A Python-based web crawler that systematically browses websites and generates a comprehensive CSV report of all discovered URLs along with their HTTP status codes.
- Crawls all pages within a specified domain
- Respects same-origin policy (only crawls URLs from the same domain)
- Generates a CSV report with URLs and their HTTP status codes
- Handles relative and absolute URLs
- Implements polite crawling with built-in delays
- Filters out non-web schemes and fragments
- Robust error handling for failed requests
- Python 3.x
- Clone the repository:
git clone <repository-url>
cd <repository-name>
- Create and activate a virtual environment:
sudo apt-get install python3-venv
python3 -m venv venv
source venv/bin/activate
- Install the required dependencies:
pip install --upgrade pip
pip install -r requirements.txt
- Run the script:
python index.py
-
When prompted:
- Enter the website URL you want to crawl (e.g., https://example.com)

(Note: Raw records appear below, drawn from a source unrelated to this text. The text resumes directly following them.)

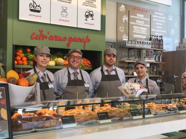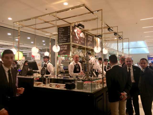 Nella food court al piano superiore si trova invece l’altro chiosco firmato La bottega del Caffè. In soli 44 mq propone, oltre ai prodotti di caffetteria, anche un’ampia offerta salata (insalate, focacce e panini gourmet). Completata poi dal corner Il Vino della bottega dedicato agli aperitivi serviti con taglieri di eccellenze DOP e IGP.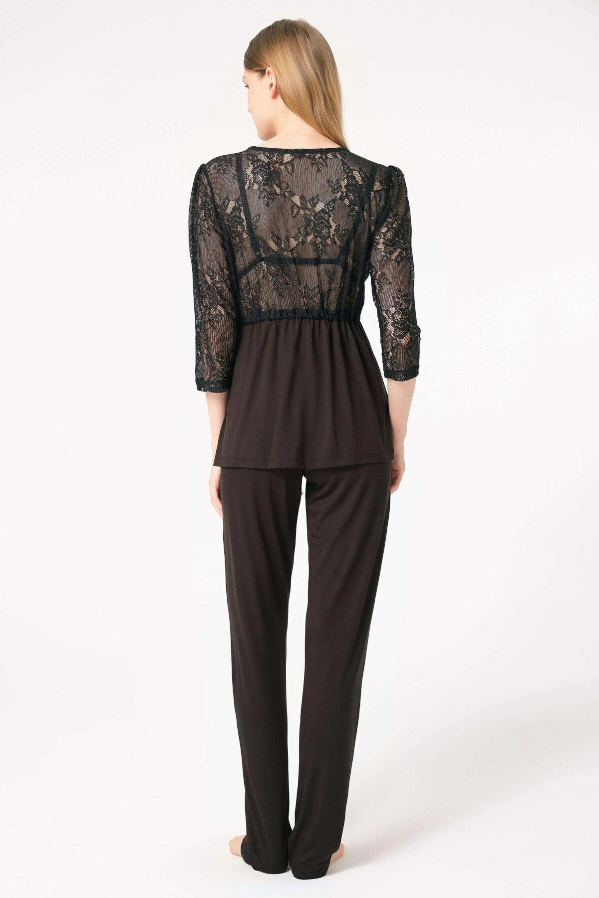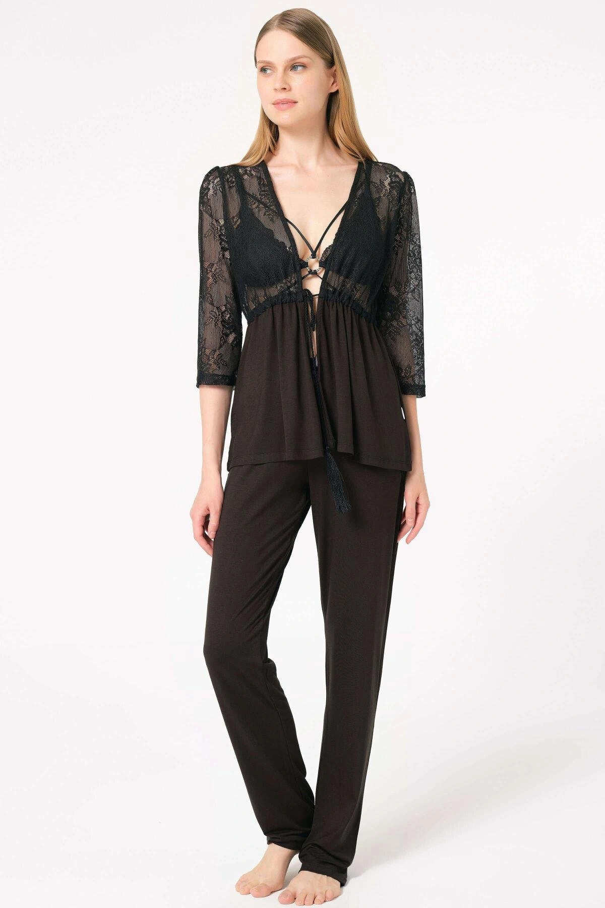 Anıl 5698 Fantezi Dekolte ev giyimi ip askılı v yaka Kadın kadife düz kışlık örme normal bel uzun Diz_Altı Bağlamalı Uzun Paçalı dantel detaylı Pijama Takımı sabahlık modelimiz0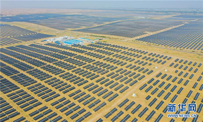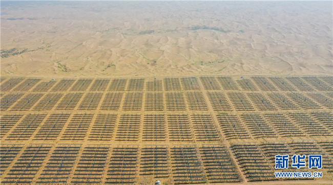 日前,由中建中環(huán)工程有限公司承建的內(nèi)蒙古達(dá)拉特旗光伏發(fā)電領(lǐng)跑獎(jiǎng)勵(lì)基地1號(hào)項(xiàng)目順利建成完工,該項(xiàng)目位于庫(kù)布其沙漠中,建成后與基地內(nèi)一期光伏電站連成一體,占地面積約120萬(wàn)平方米。 新華社記者 連振 攝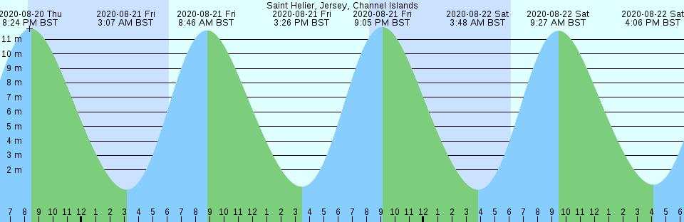Jersey also has one of the highest ranges between low-tide and high-tide in the world, a massive bulge of water that moves backwards and forwards, twice each day.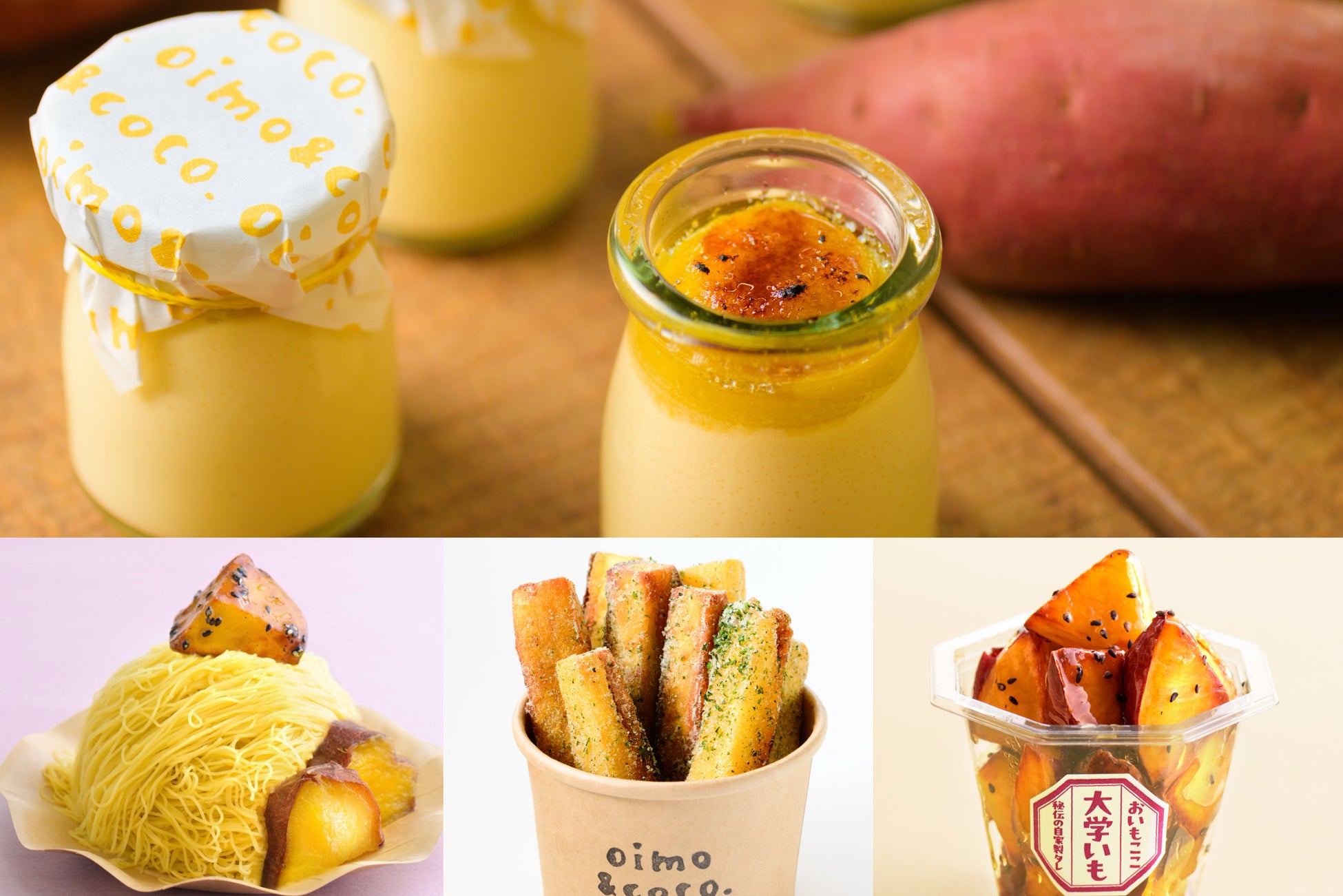 素材そのままの焼き芋になによりもこだわりつつ、高品質のさつまいもを使用したスイートポテトや焼き芋プリン、焼き芋モンブラン、大学芋、焼き芋スティックフライなど、多彩なさつまいもスイーツを展開していることも「oimo&coco.」の魅力のひとつです。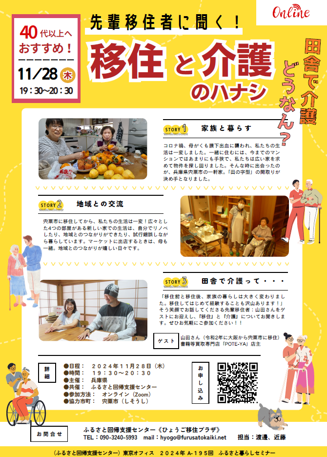 兵庫県宍粟市へ移住することを決めました。当セミナーでは『移住と介護』について、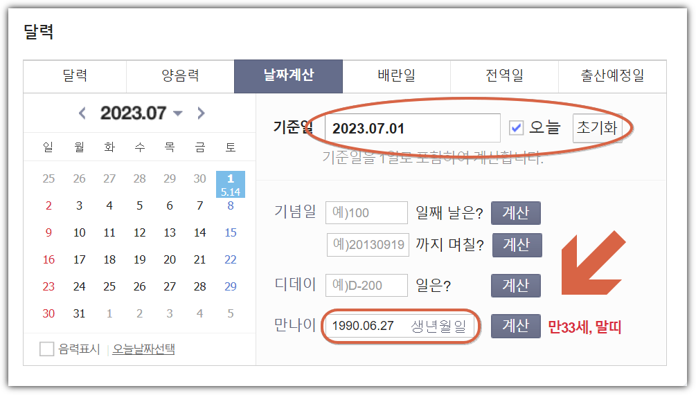 1. 카카오에서도 만 나이 계산기 서비스를 제공하고 있는데요, 검색창에 만나이 계산기라고 치시면 기준일을 입력할 수 있도록 되어 있습니다.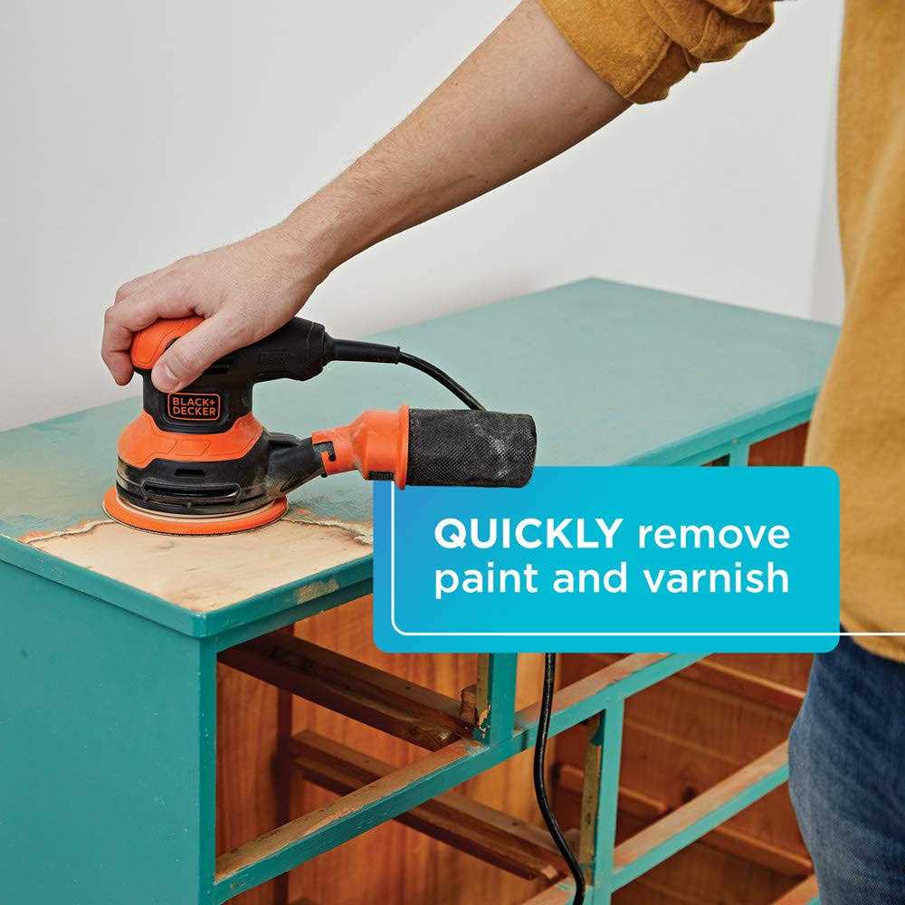 The beyond by BLACK_DECKER 5″ Random Orbit Sander is perfect for anything from removing paints and varnishes, to giving your project a smooth finish. With a compact design and a 3 position grip, the Sander fits those hard to reach spots with ease. Its powerful 2.4 amp motor delivers 12,000 random orbits per minute, for a swirl-free finish. An assortment of common sandpaper is included. And when you’re done, the built-in high-performance dust collection bag makes clean-up a breeze. Furniture rehab and DIY projects have never been this easy.About beyond by BLACK+DECKER beyond by BLACK+DECKER curates tools for the DIYer and home improvement enthusiast. Make projects fun again with easy-to-use and efficient devices to tackle jobs of all sizes. Home, garden, and yard maintenance have never been this effortless.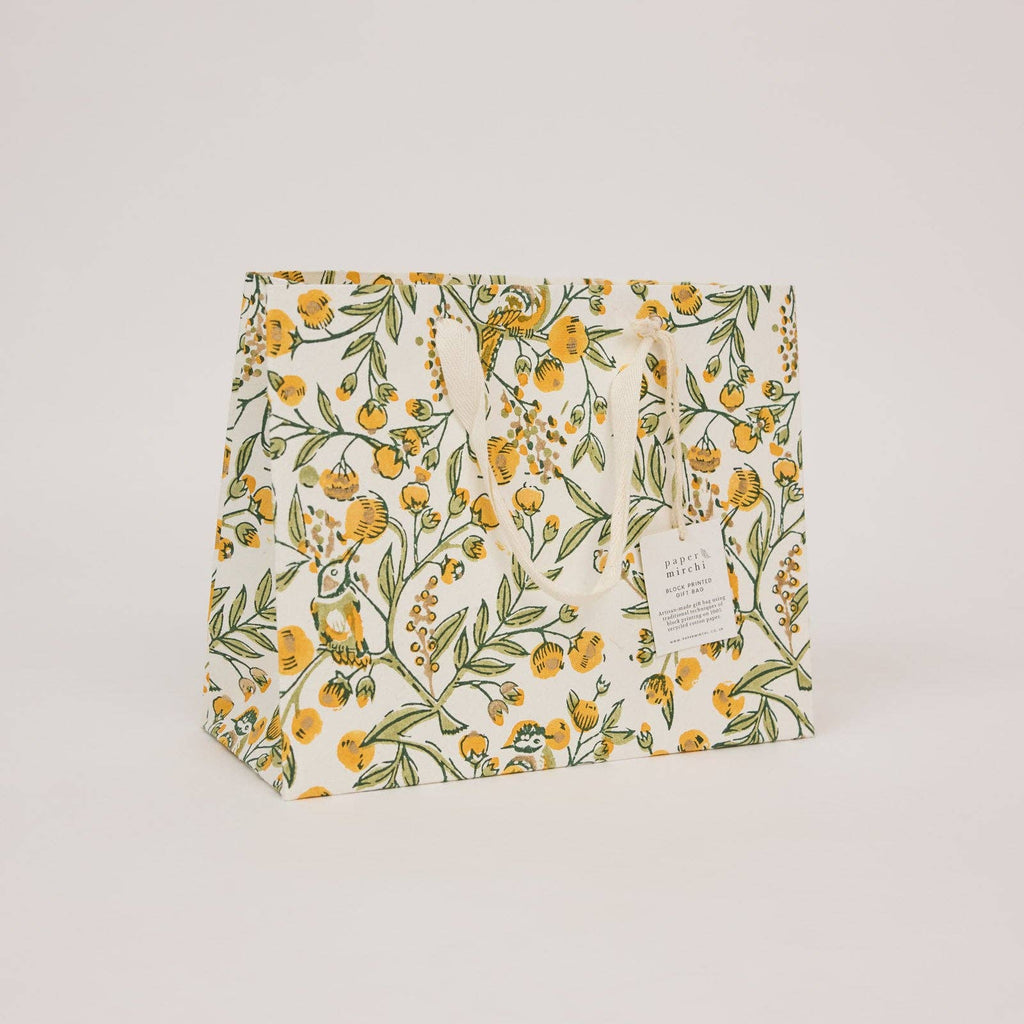 A beautiful selection of luxury block printed gift bags. Each one is made from strong 250gsm recycled cotton card paper in colours and designs complementing the gift wrap range. Every bag is hand block printed using traditional techniques making each piece a little work of art.

- Specify the output CSV filename (e.g., links.csv)
-
The crawler will:
- Start crawling from the provided URL
- Save discovered URLs to the specified CSV file
- Record HTTP status codes for each URL
- Print progress information to the console
The script generates a CSV file with the following columns:
URL
: The discovered URLStatus_Code
: HTTP status code (only recorded if ≥ 300 or if the request failed)
- Removes URL fragments (#) and query parameters (?)
- Converts relative URLs to absolute URLs
- Validates URLs against the original domain
- Implements a 1-second delay between requests to prevent server overload
Feel free to submit issues and enhancement requests.